Sunday, 2 January 2011

The Prodigal Son Returns

In keeping with the tradition of New Year's Lists, here's mine for 2010: The Top 5 Things that Stopped Me Blogging This Year.

  1. My PhD. It's my last year of funding and my third year of research: this creates a simple equation - Lf + Wy = Panic, where Lf is "last year of funding" and Wy is "writing-up year". Panic is perhaps slightly too strong a term, but I have basically about 10 months to finish off the damn thing and get on with my life.
  2. Work. I translate ordinances and acts into English for the Japanese Ministry of Economy, Trade and Industry on a freelance basis, and autumn is for whatever reason the time of year when this sort of field gets busy. So since October I've been hunched over my computer looking up obscure Japanese terms and discovering they mean things like "zero coupon bond" and "share with put option", rather than, say, "3d6+4 damage" or "zombie beholder".
  3. Gaming. Seems strange to say, but regular gaming in "real life" has taken a lot of my energy away from writing about it. During this blog's heyday of 2008-2009, when I was writing an entry pretty much every day and often even more frequently, I wasn't gaming at all, and thus Monsters & Manuals was a kind of release valve. Now I'm playing pretty often and have a solid group, so there's no need to let off steam online.
  4. Swearing off forums. I do love hanging around places like and the rpg site, but I realised about 6 months ago that they were pretty much hives of scum and villainy (and in's case, annoying mods) and grotesque sinks of my time. Since forums are a great source of grist for the blogging mill, my lack of access to them simply stripped away a lot of stuff to write about.
  5. Having a Kindle. Alright, it didn't stop me blogging really, but I've been doing a lot of reading on it (thanks to the magnificent feat of human endeavour that is Project Gutenberg) and, well, I just wanted to show off my latest toy, really.
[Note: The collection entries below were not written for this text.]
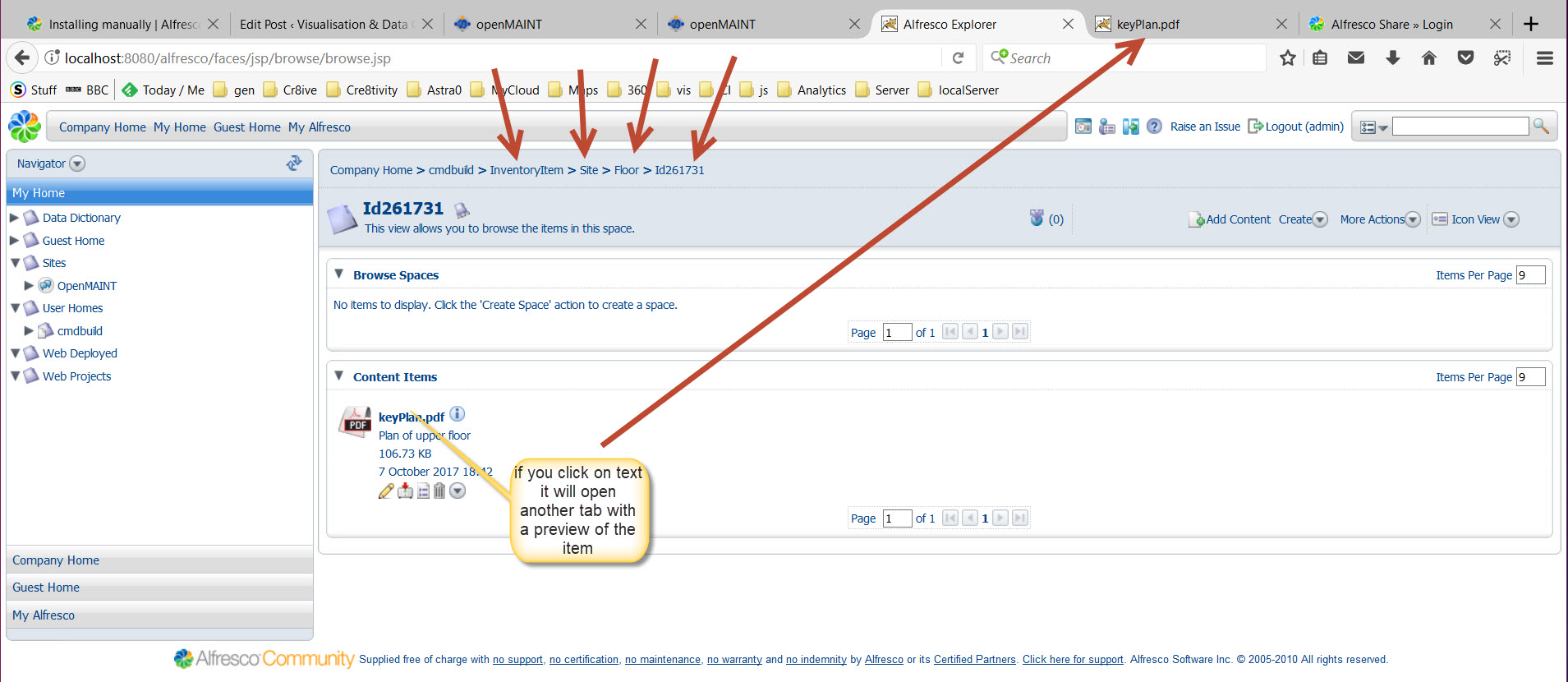 If we click on floor, we will see there is a document t there, and if we click on the filename (keyPlan.pdf) it will open another tab to show a preview from within Alfresco. A point to note. The floor reference in Alfresco is Id261731 , see 3 slides below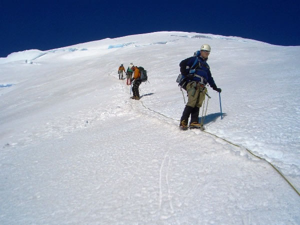 We returned to the spot where we’d cached our gear, and sometime after 8 o’clock we hoisted our packs on our backs and began our descent. Eric initially led our rope-team down the mountain. Around 9:30 am he paused, turned round, and took this photo looking back up at the rest of us. It shows just how right Eric had been to oppose adding the two newcomers to our rope (they are the two people who were nearest to Eric when he took this picture). The two young men were tired and clumsy. The one closest to the camera was standing with his crampons on the rope. Both were a very real threat to their own lives, as well as to ours. |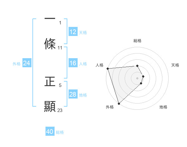 一條 正顯さんの外格は24画の5点!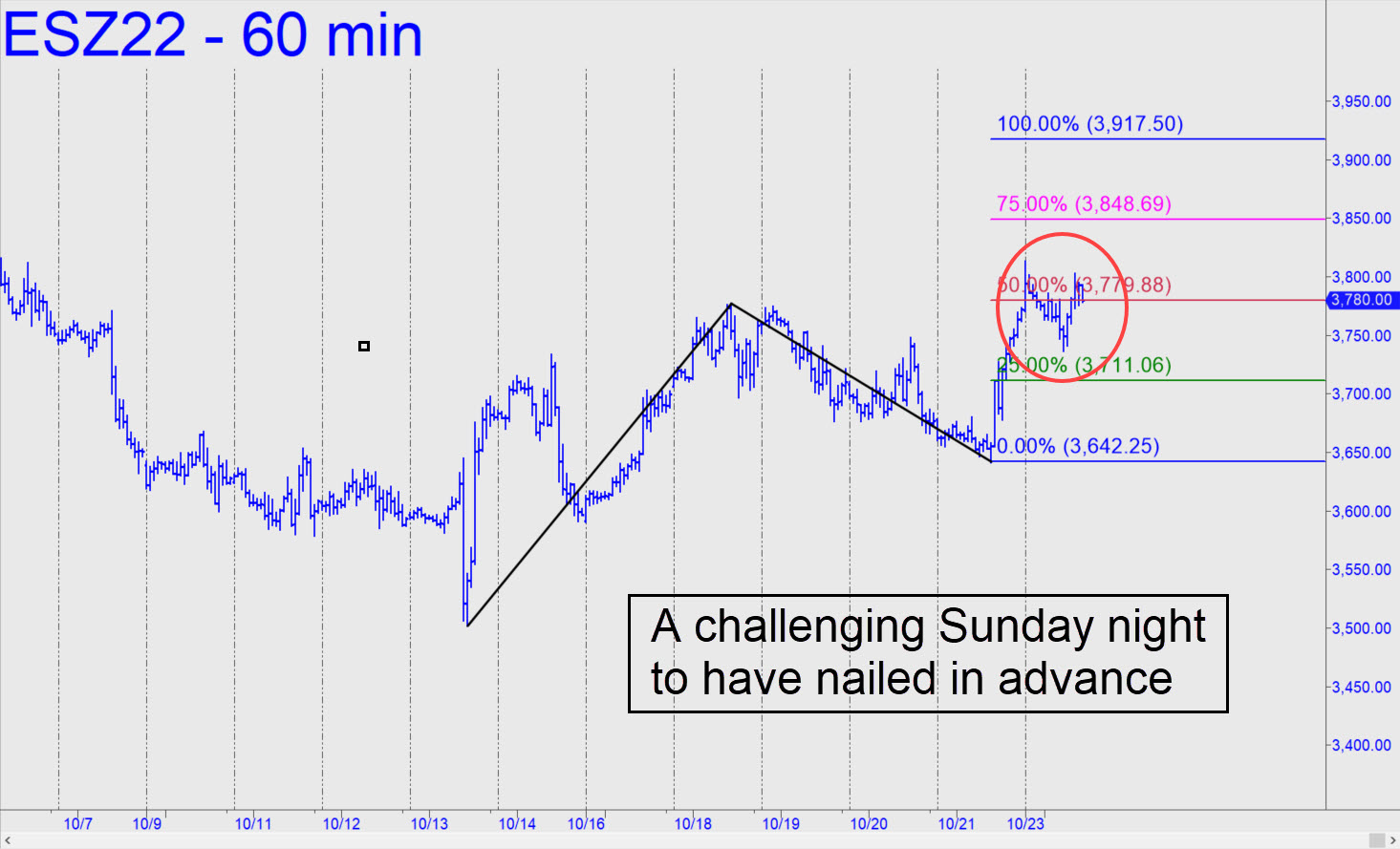 The bullish pattern shown is gnarly enough to work, whether you are trying to nail a short-term top, forecast intraday swings or bottom-fish on pullbacks. It also assumes that the vicious short squeeze in progress at the closing bell on Friday will carry into the new week. That’s hardly a given, considering the balky behavior and arrested trends in both directions that have characterized the market during the last couple of months. You can confidently infer that a follow-through to D=3916.75.75 impends if short-covering bears demolish the p=3779.13 resistance Sunday evening. A one-level pullback thereafter can be used to get long via a ‘mechanical’ bid, provided you thoroughly understand such set-ups. _______ UPDATE (Oct 24, 9:33 a.m.): Greed got the better of the night shift last night, as it nearly always does, although price action was much nuttier than usual for a Sunday night. It began with a single-bar head-fake on the opening, but it was downhill for the next ten hours. A so-far timid climb began at 5:00 a.m., with predictably low participation. However, all of this did not alter the bullish target, which I am adjusting slightly higher, to 3917.50, nor did it affect the usefulness of the pattern. A one-level pullback will still set up a ‘mechanical’ buy with a good chance of generating a profit. The overnight low at 3736.50 failed to do this — i.e., missed the green line (3711.06) — by 25 points, but a ‘sloppy seconds’ entry remains viable. Here’s a visual summary. _______ UPDATE (Oct 27, 6:07 p.m.): It is bearish that ES missed my 3916 rally target by 20 points, or 0.5%, but remarkable nonetheless that it is holding up fairly well amidst today’s FAANG carnage. ES has recouped half of the engineered, after-the-bell downdraft. This is pure distribution sleaze, but it is coordinated with the even more amazing swoon in AAPL. AAPL is so effectively targeted on short-squeeze opportunities that it is setting up a squeeze on the entire stock market. This afternoon’s two-minute dive from $145 to $136 and then back up to $145 is thumbing its nose at the earnings-news-obsessed maniacs with the taunt “Is that the worst you can do?”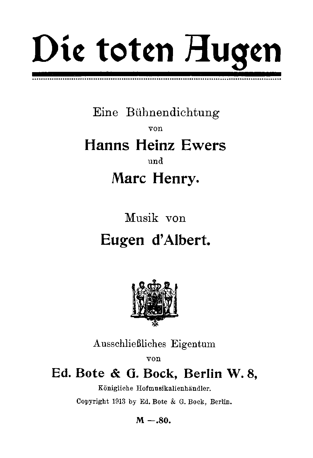 | Librettist | Hanns Heinz Ewers (1871-1943) Marc Henry - pseudonym for Achille Georges d'Ailly-Vaucheret (1872-1943) |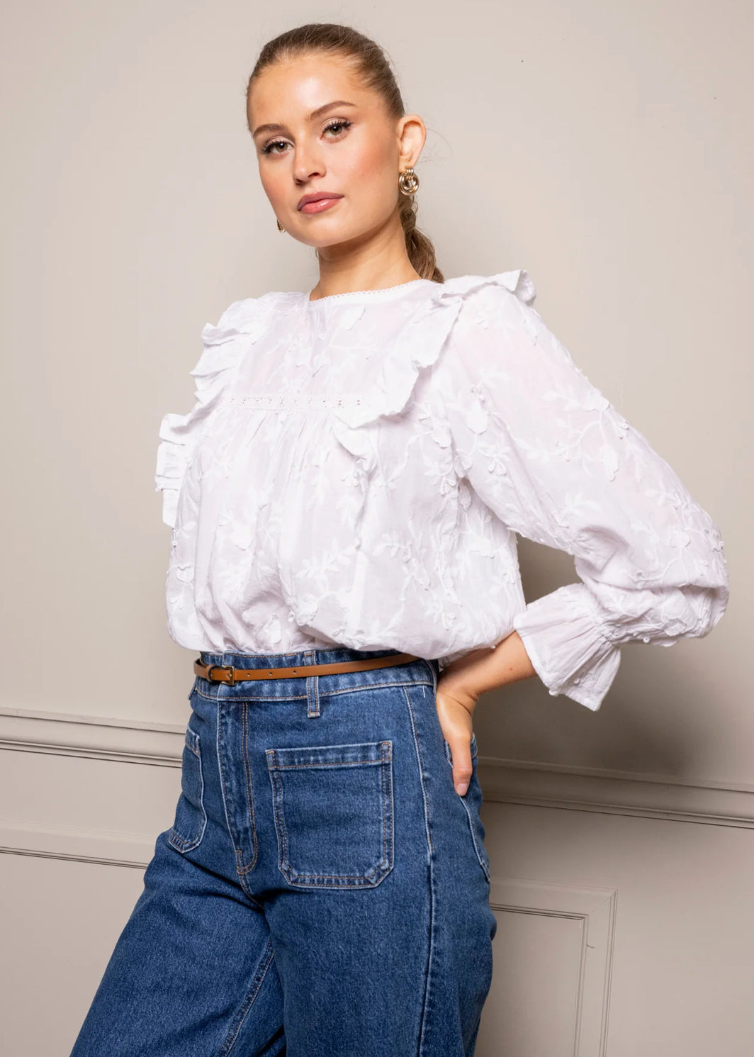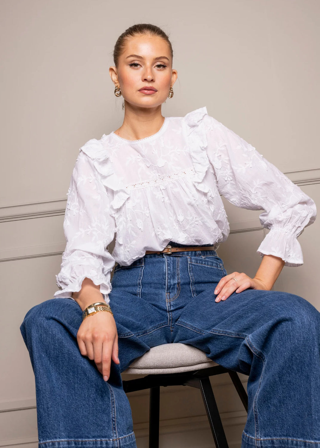 The Amara Top is cut in 100% cotton quality. The blouse has a round neckline and buttons in the back, long voluminous sleeves with tight cuffs and rouching details. The blouse has beautiful 3D flowers that makes it very unique.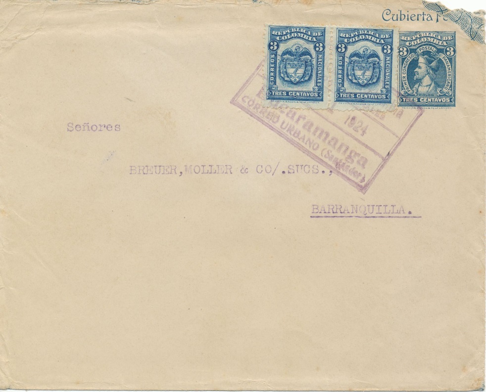 Sobre enviado desde Bucaramanga (provincia de Santander a Barranquilla el mes de marzo de 1.924.Parte frontal con tres sellos de 3 centavos matasellados.-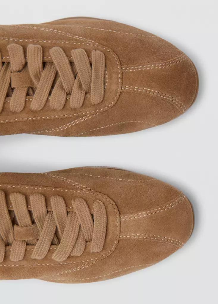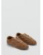 Piel bovino. Punta redonda. Panel en contraste. Cierre de cordones. Flat

Which is all a roundabout way of saying, thanks for sticking with this blog despite its silence over the last few months. You can probably guess what my New Year's Resolution will be: To update my blog and comment on somebody's else's once a day on weekdays and once at the weekend for the duration of 2011. Can I make it beyond about January 8th? Watch this space.


  1. Well, at least those are good reasons, and you didn't stop blogging because your life had taken a turn for the worse.

    Welcome back!

  2. word of warning Noisms. I bought an ereader in the UK and now I'm in Japan, and the bastards (I have so many more colourful words for it than that) in the British and US online retailers have stopped selling to Japanese customers since I bought it. They check your IP address, not just your credit card number (though they check that too).

    As far as I know there is only one company from whom I can purchase ebooks (WH SMith) and I don't know how long they're going to keep their "permissive" attitude to Intellectual Property. So stock up before you move back here.

    Or alternatively, since you're a lawyer... do something about it!! Unless you want 1 less excuse for failing to meet your new years' resolution ...

  3. I wonder what the rational for that is? I could understand if it was China... Anyway, I just download free ones so it hardly matters. (Seriously, Project Gutenberg has enough good reading to last about a dozen lifetimes...)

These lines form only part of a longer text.